The species breed extremely quickly with females producing as many as two million eggs per year once they reach maturity.

And because lionfish are not native to the Atlantic, local fish do not recognise the species as a predator, allowing lionfish to gorge themselves - and disrupt the symbiotic balance around our coral reefs.

Mr Gleason said work was ongoing to create a lionfish-specific trap but local lobster fishermen have already had some success catching the species.

“This year they reported during the first half of the season catching over a thousand, and that’s just what’s reported,” Mr Gleason said. “There were likely a lot more caught by other fishermen who didn’t report them.

“We want to design lionfish specific traps. We don’t want to catch lobsters, we don’t want to try to catch any other kind of fish. The big problem with trapping is the bycatch.

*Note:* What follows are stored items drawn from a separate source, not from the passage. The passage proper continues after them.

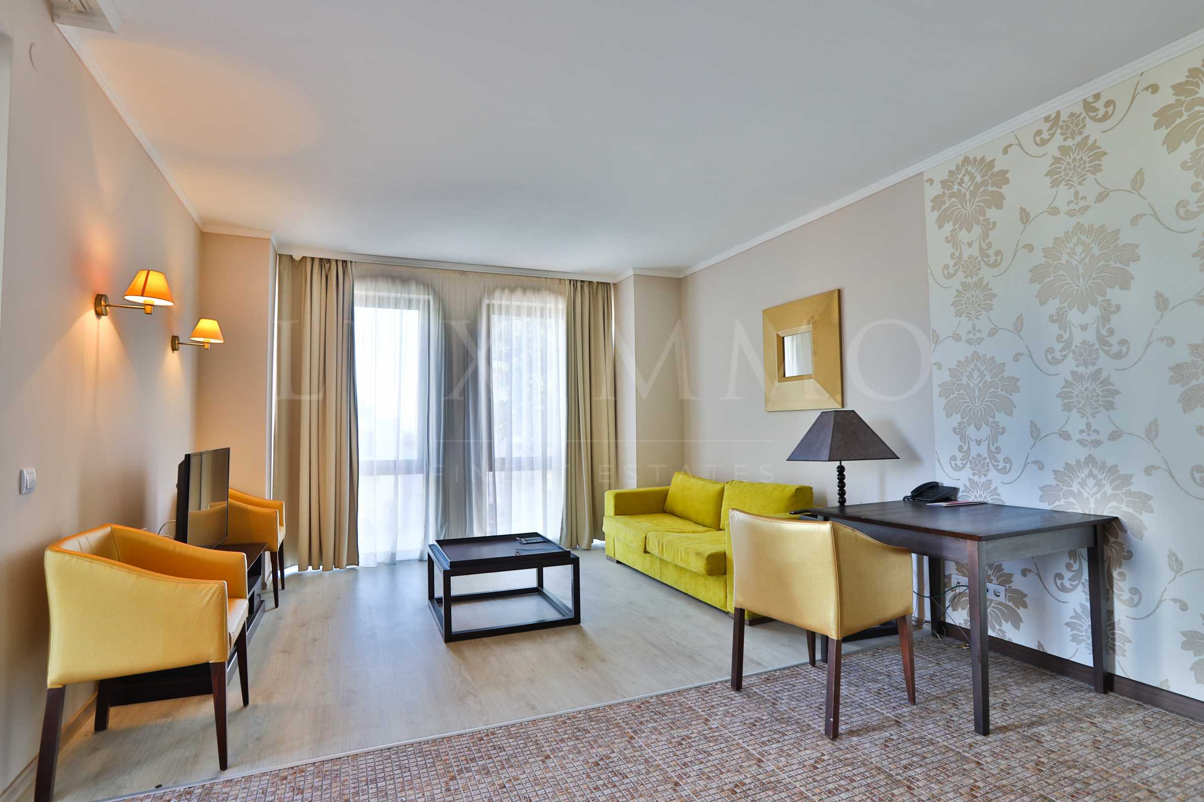 The apartment is luxuriously furnished by a design project. It is located on the 1st floor and has a nice view of the resort. As with all properties in the complex, the apartment has a balcony, air conditioning, TV, mini bar, telephone, hairdryer, bathroom with bathtub / shower, connecting doors and kitchen. The room has free Wi-Fi and a free safe. The apartment is suitable for both personal use and investment.
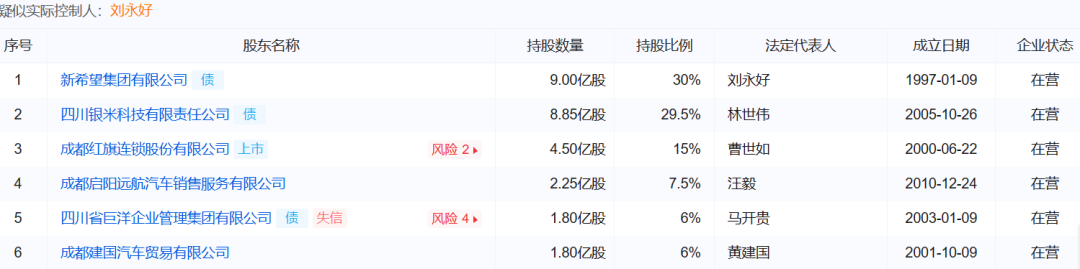 新网银行的来头也不小,是继微众银行、网商银之后全国第三家互联网银行、四川首家民营银行。该行股东阵容亦强大,背后是新希望集团的老大刘永好,红旗连锁则在其中持股15%。
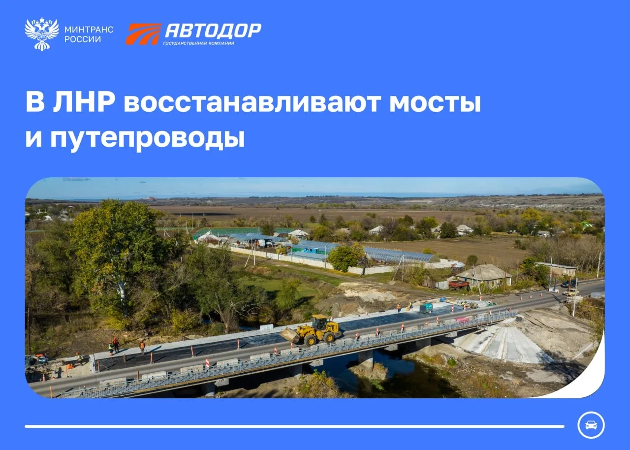 ▶️Автодор восстановит десять искусственных сооружений в ЛНР в 2026 году.

A lot of people have done trapping experiments in Jamaica, South Florida and the Caribbean, and they are just at a loss because the bycatch is so high it just isn’t working.

“We have got two or three designs that we want to try out and we are working towards doing that now but that trapping programme really requires a lot of help.”

He said the programme was partially funded by the Darwin Plus grant and the Department of Environmental Protection, but they still require additional funds and personnel to run the initiatives.

“The lobster fishermen who are helping out with this trapping experiment are volunteers,” he said. “We need to find a way to help these volunteer fisherman pay for the fuel they use and make up for the income that they lose. We also need observers on each and every one of those boats to record data about where the trap was dropped, when it was dropped, what was caught, help retrieve the cameras.”

He said that so far 300 people have earned permits to spear lionfish within one mile of the Island, but many do not have their own boats.

“We need people to come together and create programmes to connect divers with boats,” he said.